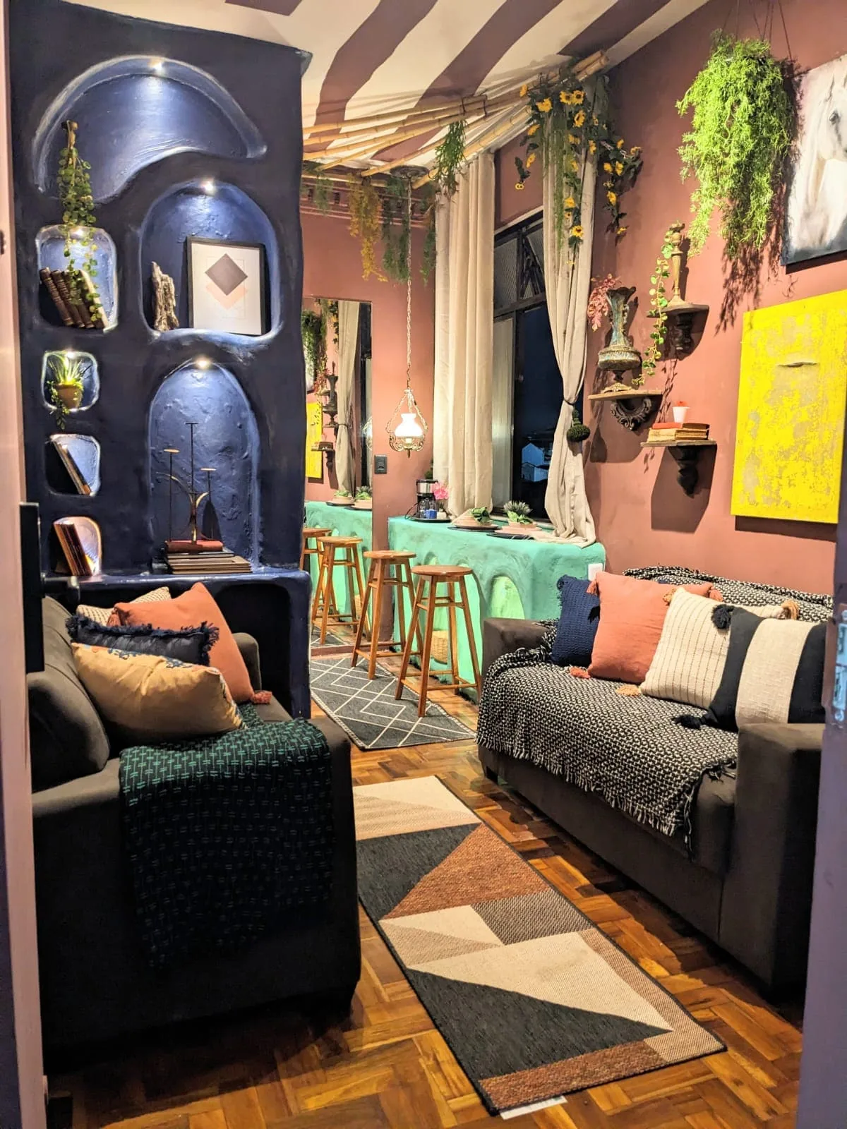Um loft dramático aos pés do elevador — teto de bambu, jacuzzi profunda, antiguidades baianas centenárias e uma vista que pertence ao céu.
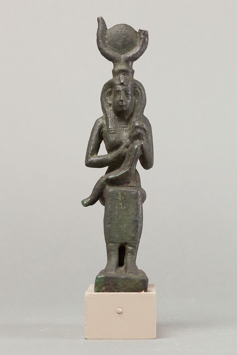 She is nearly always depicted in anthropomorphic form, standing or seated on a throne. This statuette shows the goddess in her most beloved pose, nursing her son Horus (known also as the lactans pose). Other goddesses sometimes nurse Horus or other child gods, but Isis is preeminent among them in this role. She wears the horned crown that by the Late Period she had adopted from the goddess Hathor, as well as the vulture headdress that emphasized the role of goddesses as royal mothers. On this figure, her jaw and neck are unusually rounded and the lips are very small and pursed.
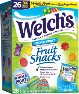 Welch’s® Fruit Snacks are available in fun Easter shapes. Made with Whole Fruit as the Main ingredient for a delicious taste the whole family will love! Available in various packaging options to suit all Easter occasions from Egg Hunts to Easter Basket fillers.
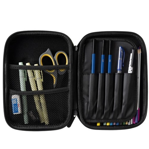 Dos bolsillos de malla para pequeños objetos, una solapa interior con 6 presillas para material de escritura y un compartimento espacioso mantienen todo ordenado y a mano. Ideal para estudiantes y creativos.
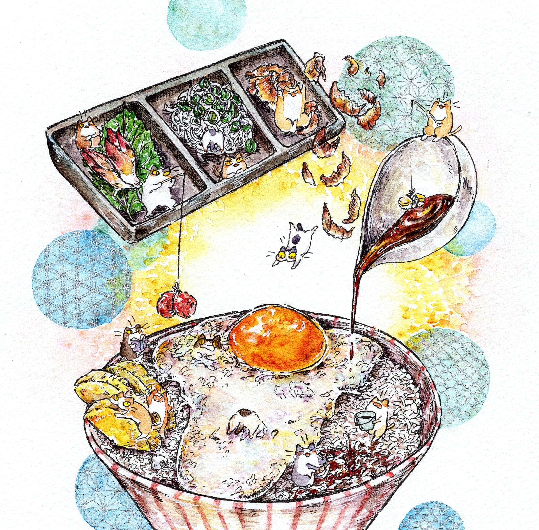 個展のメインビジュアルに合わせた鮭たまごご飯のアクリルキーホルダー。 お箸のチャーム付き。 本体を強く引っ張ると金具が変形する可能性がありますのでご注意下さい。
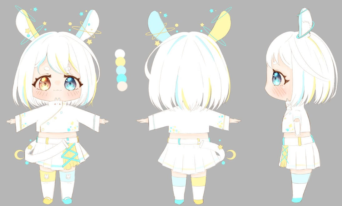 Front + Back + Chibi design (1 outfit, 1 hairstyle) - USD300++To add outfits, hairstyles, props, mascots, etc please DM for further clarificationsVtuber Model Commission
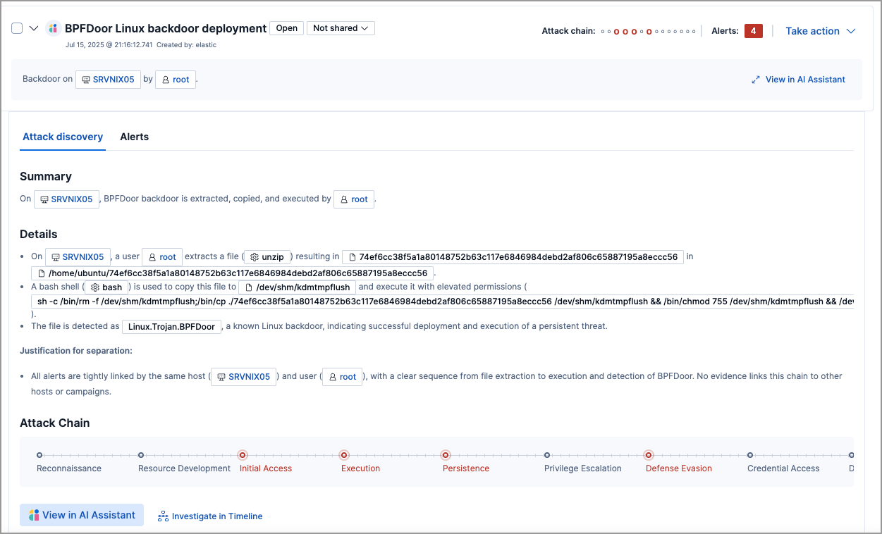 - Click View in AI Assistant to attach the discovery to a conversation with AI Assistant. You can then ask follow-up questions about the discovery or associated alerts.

- **What you are asked to do**:
After locating the line with "She is nearly" in the listing above, transcribe it and every line after it to the last, exactly, with no pictures.

- **Result of the task**:
 She is nearly always depicted in anthropomorphic form, standing or seated on a throne. This statuette shows the goddess in her most beloved pose, nursing her son Horus (known also as the lactans pose). Other goddesses sometimes nurse Horus or other child gods, but Isis is preeminent among them in this role. She wears the horned crown that by the Late Period she had adopted from the goddess Hathor, as well as the vulture headdress that emphasized the role of goddesses as royal mothers. On this figure, her jaw and neck are unusually rounded and the lips are very small and pursed.
 Welch’s® Fruit Snacks are available in fun Easter shapes. Made with Whole Fruit as the Main ingredient for a delicious taste the whole family will love! Available in various packaging options to suit all Easter occasions from Egg Hunts to Easter Basket fillers.
 Dos bolsillos de malla para pequeños objetos, una solapa interior con 6 presillas para material de escritura y un compartimento espacioso mantienen todo ordenado y a mano. Ideal para estudiantes y creativos.
 個展のメインビジュアルに合わせた鮭たまごご飯のアクリルキーホルダー。 お箸のチャーム付き。 本体を強く引っ張ると金具が変形する可能性がありますのでご注意下さい。
 Front + Back + Chibi design (1 outfit, 1 hairstyle) - USD300++To add outfits, hairstyles, props, mascots, etc please DM for further clarificationsVtuber Model Commission
 - Click View in AI Assistant to attach the discovery to a conversation with AI Assistant. You can then ask follow-up questions about the discovery or associated alerts.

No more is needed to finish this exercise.